Modification 1, the third movement, is a short 24 second exercise in atonal polyphony, initiated, and brought to a close, by rim shots on the snare drum. (vio)Lens offers a potpourri of styles and musical inflections mixed into a tasteful mélange. The sounds are so well integrated that it is difficult to tell the difference between the extended acoustic sounds and their electroacoustic counterparts or modifications. Along with these, the composer presents us with the by-now familiar pulse fields, but in more urgent and distorted forms. One timbre sounds suspiciously like it came from an early video game soundtrack (e.g., Pacman). It accelerates right up to the end of this movement, accompanied with fast, spiccato glissandi in the violin. In video game music this technique usually accompanies ever more difficult challenges faced by the gamer as time is running out. To include this sonic trope in a piece of concert music is highly suggestive.

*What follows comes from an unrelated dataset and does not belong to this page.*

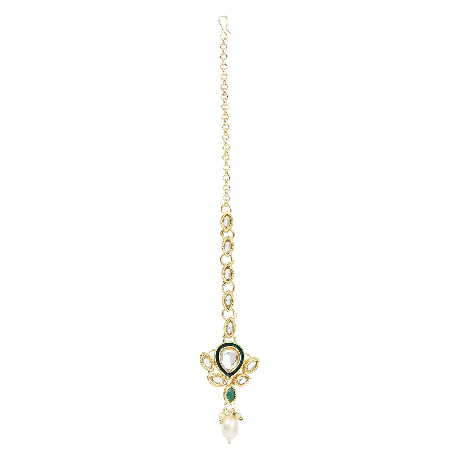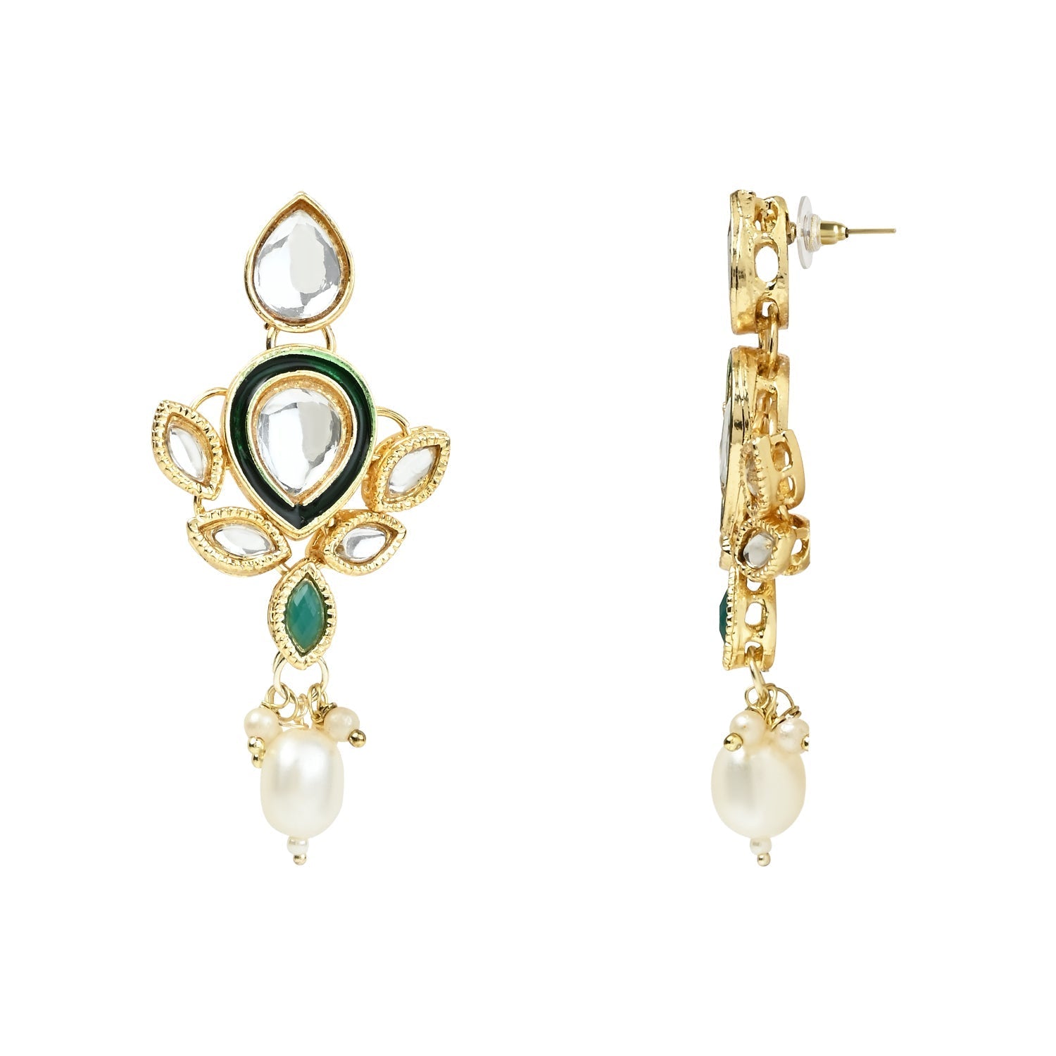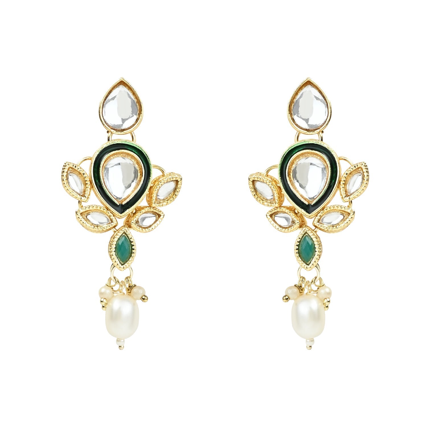 This Exquisite Bridal Jewelry Set Features A Stunning Gold-Plated Choker Necklace Adorned With Traditional White Kundan And Stone Embellishments. The Necklace Is A Embellished With Sparkling Kundan Stones And Pearls. The Necklace Are Matching Jhumka Earrings That Perfectly Complement The Overall Design. These Jhumka Earrings Feature Intricate Kundan And Stone Work, With Delicate Pearl Hangings That Add Movement And Charm To The Set. The Combination Of White Kundan Stones, Pearls, And Gold Plating Creates A Timeless And Regal Look, Making This Jewelry Set Ideal For A Bride Or Anyone Seeking To Make A Statement On A Special Occasion. The Intricate Craftsmanship And Attention To Detail Ensure That This Set Stands Out, Adding A Touch Of Traditional Charm.

Modification 2 begins with a barrage of snare drum attacks sounding like fireworks or gunshots. Following this the violin performs a series of high frequency glissandi suggestive of certain insects or birds. This, in turn, is followed by a dense, atonal piano barrage straight out of the Cecil Taylor songbook, punctuated by the percussion and scratchy violin sounds. All this happens in the space of 37 seconds.
The sixth movement, ianopianop, focuses on the live processing of sound. The piano and vibraphone sharply attack notes that are then processed through filtering, reversal, and spatialization techniques. There is also a pronounced emphasis on harmonic resonance. This movement could have benefitted from a longer duration than its four minute length. A longer duration would have allowed for changes of textural density, and instrumental variation.

Sensus, the last movement, begins with a motoric, tutti pulse pattern not unlike the octave Cs (C7 and C8) in Terry Riley’s In C. Surprisingly, 20 seconds into this 95 second movement, the ensemble performs a crazed, circus-like series of asymmetrical rhythms that would have made Frank Zappa proud. As if to underscore the circus quality, midway through the piece we hear a whistle, loud airstream sounds, humorous bird sounds, and a clave-like sound (all of which can also be found in Zappa’s compositions).

Given the variety of styles and techniques found in the pieces and movements on this disc, pinpointing Burtner’s compositional style seems near impossible. Nevertheless, Burtner has consistently applied the tools of his trade, even in cases where the sonic surfaces are markedly disparate. Noise Plays Burtner offers us some intriguing approaches to electroacoustic composition with live instruments engaging with interactive technologies. The Noise performers are seasoned professionals, clearly evident from their fine performances. The computer-generated parts are so well timbrally integrated with the live performers that it is difficult at times to tell them apart. One gets the impression after hearing this disc that the compositionally ideas contained therein required the technologies and instruments that were employed, and this is no trivial matter.